Michael Kühnel - weltweit im Einsatz für Menschen

Mittelmeer, Nov. 2016: Seit 11. Nov. verstärkt der 41-jährige Wiener Arzt Michael Kühnel das Team an Bord des Rotkreuz-Rettungsschiffes ?Responder? im Mittelmeer. Aus einem Schlauchboot wurden 170 Menschen gerettwt, darunter ein Baby (heißt Desmond (ein Bub), ist ein Monat alt und stammt aus Nigeria). An Bord der ?Responder? werden die aus Kriegs- und Krisengebieten stammenden Flüchtlinge medizinisch untersucht, mit Decken gegen den Wärmeverlust geschützt und bekommen Nahrung und Kleidung. Das Rotkreuz-Schiff ?Responder? ist ein gemeinsames Unternehmen vom italienischen Roten Kreuz, der privaten Hilfsorganisation Migration offshore Aid Station (MOAS) und der Internationalen Föderation der Rotkreuz- und Rothalbmondgesellschaften (IFRC). Der erfahrene Wiener Arzt und Katastrophenhelfer Michael Kühnel war für das Rote Kreuz bereits in den Ebola-Gebieten Afrikas und nach dem verheerenden Tsunami im Indischen Ozean im Einsatz. Bild: Michael Kühnel kümmert sich um ein Baby, welches von einem Boot im Mittelmeer gerettet wurde.
Der Allgemeinmediziner war nach Tsunami, Erdbeben und Ebola im Einsatz. Jetzt rettet er Flüchtlinge.

Wenn der Lautsprecher anspringt, ist man von null auf hundert. "Attention to all stations: boat ahead. There will be a rescue." (Achtung, an alle Stationen: Boot voraus. Es gibt einen Rettungseinsatz.) In Michael Kühnels Bauch krampft sich etwas zusammen. Er weiß nicht, wie viele Menschen er gleich bergen und untersuchen wird. Und ob Leichen darunter sind.

"Aber deswegen sind wir da", sagt der 41-jährige Notarzt mit massig Katastrophenerfahrung. Seit einer Woche kreuzt er mit dem Rotkreuz-Schiff "Responder" vier Kilometer vor der libyschen Küste, um Flüchtlinge in Seenot zu retten. "Man weiß nie, was passiert. Bisher hatte das kleinste Boot 22 Menschen an Bord, ein anderes 170." Und einmal war ein einmonatiges Baby darunter.

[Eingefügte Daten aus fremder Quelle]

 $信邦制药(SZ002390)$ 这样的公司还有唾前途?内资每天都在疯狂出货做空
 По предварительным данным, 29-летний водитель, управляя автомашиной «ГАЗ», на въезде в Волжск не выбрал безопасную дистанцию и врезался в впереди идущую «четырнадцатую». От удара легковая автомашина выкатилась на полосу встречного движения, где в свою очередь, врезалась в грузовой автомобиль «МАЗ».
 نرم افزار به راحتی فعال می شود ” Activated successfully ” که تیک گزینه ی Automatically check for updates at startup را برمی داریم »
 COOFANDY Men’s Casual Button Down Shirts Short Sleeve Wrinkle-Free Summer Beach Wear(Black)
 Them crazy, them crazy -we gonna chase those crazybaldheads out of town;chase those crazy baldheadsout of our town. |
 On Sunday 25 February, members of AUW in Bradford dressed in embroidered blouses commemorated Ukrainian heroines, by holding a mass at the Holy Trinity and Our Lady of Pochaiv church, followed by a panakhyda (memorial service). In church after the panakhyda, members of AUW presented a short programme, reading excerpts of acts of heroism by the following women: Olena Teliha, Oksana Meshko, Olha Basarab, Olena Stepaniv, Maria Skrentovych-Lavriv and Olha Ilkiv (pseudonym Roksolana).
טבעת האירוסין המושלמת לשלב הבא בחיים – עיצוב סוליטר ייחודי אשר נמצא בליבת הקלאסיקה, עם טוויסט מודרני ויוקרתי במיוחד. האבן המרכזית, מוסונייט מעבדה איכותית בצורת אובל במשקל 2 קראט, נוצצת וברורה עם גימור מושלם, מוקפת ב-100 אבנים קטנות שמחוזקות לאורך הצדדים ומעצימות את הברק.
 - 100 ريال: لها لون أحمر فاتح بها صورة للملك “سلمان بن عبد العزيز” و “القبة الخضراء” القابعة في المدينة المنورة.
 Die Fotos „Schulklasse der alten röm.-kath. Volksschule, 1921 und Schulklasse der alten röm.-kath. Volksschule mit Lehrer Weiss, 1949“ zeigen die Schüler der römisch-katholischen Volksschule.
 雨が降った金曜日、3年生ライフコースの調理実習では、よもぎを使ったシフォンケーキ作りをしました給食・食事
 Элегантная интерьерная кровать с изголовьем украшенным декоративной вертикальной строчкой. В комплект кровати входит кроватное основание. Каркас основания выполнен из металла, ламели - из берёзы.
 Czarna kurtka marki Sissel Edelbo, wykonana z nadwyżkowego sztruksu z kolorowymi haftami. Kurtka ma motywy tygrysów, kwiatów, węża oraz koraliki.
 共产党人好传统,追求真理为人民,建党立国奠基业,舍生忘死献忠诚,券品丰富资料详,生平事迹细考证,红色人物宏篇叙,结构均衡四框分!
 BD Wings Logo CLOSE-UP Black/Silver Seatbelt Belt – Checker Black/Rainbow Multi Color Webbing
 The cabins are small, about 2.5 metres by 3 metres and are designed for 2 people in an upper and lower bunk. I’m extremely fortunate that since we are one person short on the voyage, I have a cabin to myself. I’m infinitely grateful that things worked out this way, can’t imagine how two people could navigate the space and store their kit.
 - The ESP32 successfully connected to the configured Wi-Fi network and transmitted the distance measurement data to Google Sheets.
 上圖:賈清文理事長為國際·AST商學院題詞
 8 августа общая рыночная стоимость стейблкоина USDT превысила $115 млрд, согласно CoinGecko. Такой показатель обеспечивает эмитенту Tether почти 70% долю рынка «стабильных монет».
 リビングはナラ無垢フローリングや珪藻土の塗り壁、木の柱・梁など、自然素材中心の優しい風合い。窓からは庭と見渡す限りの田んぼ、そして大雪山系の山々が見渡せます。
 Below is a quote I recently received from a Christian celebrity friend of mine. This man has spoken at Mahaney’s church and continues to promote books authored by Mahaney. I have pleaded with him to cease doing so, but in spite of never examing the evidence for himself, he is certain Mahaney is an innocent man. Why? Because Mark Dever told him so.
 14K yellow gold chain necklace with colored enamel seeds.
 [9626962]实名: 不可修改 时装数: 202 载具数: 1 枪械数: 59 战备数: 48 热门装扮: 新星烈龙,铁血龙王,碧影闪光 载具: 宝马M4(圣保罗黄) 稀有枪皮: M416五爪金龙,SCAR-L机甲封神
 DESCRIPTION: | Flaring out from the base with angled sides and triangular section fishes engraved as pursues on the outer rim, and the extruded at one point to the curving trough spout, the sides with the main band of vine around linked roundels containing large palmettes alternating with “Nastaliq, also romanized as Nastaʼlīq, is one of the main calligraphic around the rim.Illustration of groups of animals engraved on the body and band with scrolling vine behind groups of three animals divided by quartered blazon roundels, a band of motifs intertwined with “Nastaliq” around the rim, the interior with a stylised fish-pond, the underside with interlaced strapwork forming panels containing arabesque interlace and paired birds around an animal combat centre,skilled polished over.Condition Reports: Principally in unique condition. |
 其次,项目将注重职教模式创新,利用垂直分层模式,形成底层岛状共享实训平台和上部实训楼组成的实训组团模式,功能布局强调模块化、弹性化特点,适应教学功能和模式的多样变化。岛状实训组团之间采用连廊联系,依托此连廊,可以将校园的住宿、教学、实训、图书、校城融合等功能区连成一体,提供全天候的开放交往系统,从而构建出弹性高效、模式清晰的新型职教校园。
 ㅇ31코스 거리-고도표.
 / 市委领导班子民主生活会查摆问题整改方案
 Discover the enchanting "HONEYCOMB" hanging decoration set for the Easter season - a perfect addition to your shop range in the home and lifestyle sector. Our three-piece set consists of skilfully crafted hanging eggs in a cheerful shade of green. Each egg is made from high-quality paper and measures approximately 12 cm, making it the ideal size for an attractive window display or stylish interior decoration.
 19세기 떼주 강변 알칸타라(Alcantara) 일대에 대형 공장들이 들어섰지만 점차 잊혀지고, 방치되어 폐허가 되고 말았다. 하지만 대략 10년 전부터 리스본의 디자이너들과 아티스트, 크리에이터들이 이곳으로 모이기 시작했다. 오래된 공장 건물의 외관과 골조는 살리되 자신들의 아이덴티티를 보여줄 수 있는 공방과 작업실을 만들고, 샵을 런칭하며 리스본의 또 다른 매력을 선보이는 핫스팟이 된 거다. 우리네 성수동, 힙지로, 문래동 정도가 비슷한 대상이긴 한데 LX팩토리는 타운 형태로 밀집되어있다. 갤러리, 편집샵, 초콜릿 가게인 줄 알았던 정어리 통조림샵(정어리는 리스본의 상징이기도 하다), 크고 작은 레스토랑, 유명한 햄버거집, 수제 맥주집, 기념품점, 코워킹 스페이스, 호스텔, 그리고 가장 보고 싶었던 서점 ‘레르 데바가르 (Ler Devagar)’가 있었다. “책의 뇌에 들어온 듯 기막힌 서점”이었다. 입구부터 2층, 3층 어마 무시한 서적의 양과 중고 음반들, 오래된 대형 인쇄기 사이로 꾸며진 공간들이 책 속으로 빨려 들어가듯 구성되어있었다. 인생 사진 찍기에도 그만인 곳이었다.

Kühnel ist ein Gutmensch. Seit 17 Jahren arbeitet er auch ehrenamtlich für das Rote Kreuz, er war nach dem Tsunami in Indonesien, nach den Erdbeben auf Haiti und als einziger österreichischer Arzt im Ebola-Einsatz. "Ich finde, Gutmensch ist noch immer ein nettes Wort, auch wenn es als Schimpfwort gebraucht wird. Aber gibt es ein schmeichelhaftes Gegenteil zu ‚Mensch‘?" Kühnel spricht ohne Schaum vor dem Mund, er wirkt so gelassen wie ihn andere beschreiben. "Es muss niemand gutheißen, was ich hier tue. Nur ich." Nämlich in vier Tagen 800 Flüchtlingen das Leben gerettet zu haben.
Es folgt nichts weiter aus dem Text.